MATERIAL PROVIDED:
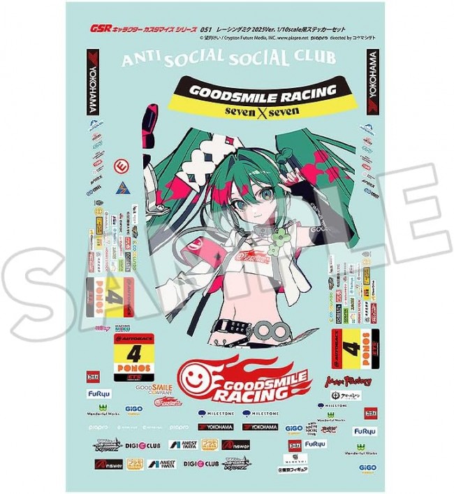 Water Transfer/Dry Decals for Car & Bike Models Sticker set to faithfully recreate the 2025 specification GT machine GSR Character Customization Series 051 Racing Miku 2025 Ver. Sticker Set for 1/10 Scale The “Hatsune Miku Racing Ver. 2025” version joins the GSR Character Customization stickers, perfect for dressing up your 1/10 scale RC models! Not only can you recreate GT machines, but applying these to everyday items lets you feel closer to Hatsune Miku. High weather resistance for color fade resistance. Features material that conforms better to curved surfaces and is easier to apply. Made in Japan for reliability. Product Specifications Title Hatsune Miku GT Project Specifications Size: 240x370mm (2 sheets), 240mmx490mm (1 sheet), 1/10 scale compatible PVC material sticker set Manufacturer Good Smile Racing Distributor Good Smile Company (C) Kei Mochizuki / Crypton Future Media, INC. www.piapro.net directed by Shigeto Koyama Important Notes About the Product Images are for illustrative purposes only. Actual product may differ. (From the Good Smile Company website)
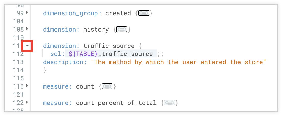 A small arrow appears in the gutter next to the start of each top-level LookML parameter in the file. Selecting this arrow folds or unfolds that section of LookML so that you can focus on just particular sections.
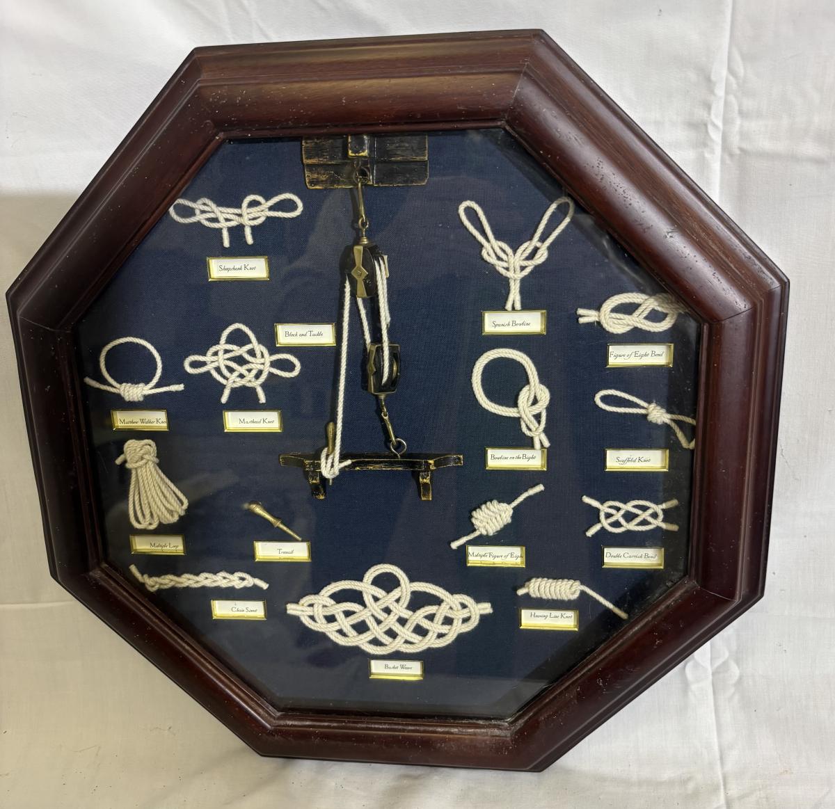 J24-14 Shadow Box of Nautical Knots Octagonal Knotboard, Sailors Knots

PROBLEM: Pictures are to be left out; the listing above is otherwise to be copied exactly.

SOLUTION:
 Water Transfer/Dry Decals for Car & Bike Models Sticker set to faithfully recreate the 2025 specification GT machine GSR Character Customization Series 051 Racing Miku 2025 Ver. Sticker Set for 1/10 Scale The “Hatsune Miku Racing Ver. 2025” version joins the GSR Character Customization stickers, perfect for dressing up your 1/10 scale RC models! Not only can you recreate GT machines, but applying these to everyday items lets you feel closer to Hatsune Miku. High weather resistance for color fade resistance. Features material that conforms better to curved surfaces and is easier to apply. Made in Japan for reliability. Product Specifications Title Hatsune Miku GT Project Specifications Size: 240x370mm (2 sheets), 240mmx490mm (1 sheet), 1/10 scale compatible PVC material sticker set Manufacturer Good Smile Racing Distributor Good Smile Company (C) Kei Mochizuki / Crypton Future Media, INC. www.piapro.net directed by Shigeto Koyama Important Notes About the Product Images are for illustrative purposes only. Actual product may differ. (From the Good Smile Company website)
 A small arrow appears in the gutter next to the start of each top-level LookML parameter in the file. Selecting this arrow folds or unfolds that section of LookML so that you can focus on just particular sections.
 J24-14 Shadow Box of Nautical Knots Octagonal Knotboard, Sailors Knots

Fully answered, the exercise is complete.